WHAT THE EXERCISE ASKS: Send back the line that contains "When it comes" and all lines following it through the end of the data below, exactly, omitting pictures.

PROVIDED MATERIAL:
>>

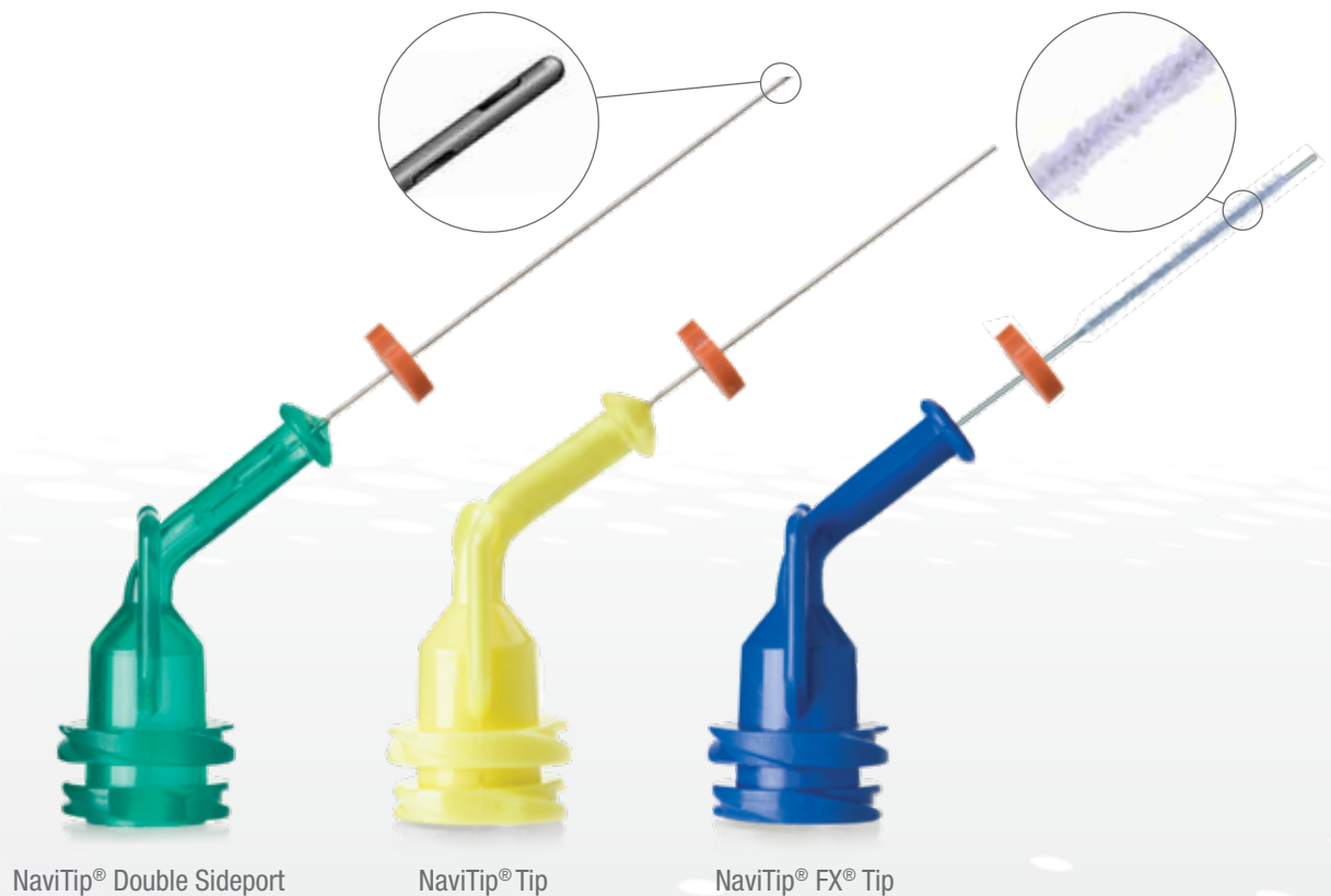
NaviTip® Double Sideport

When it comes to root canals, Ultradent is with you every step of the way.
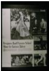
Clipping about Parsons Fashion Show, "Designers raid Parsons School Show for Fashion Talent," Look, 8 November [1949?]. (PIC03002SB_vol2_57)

<<

SOLVED PROBLEM:
When it comes to root canals, Ultradent is with you every step of the way.
Clipping about Parsons Fashion Show, "Designers raid Parsons School Show for Fashion Talent," Look, 8 November [1949?]. (PIC03002SB_vol2_57)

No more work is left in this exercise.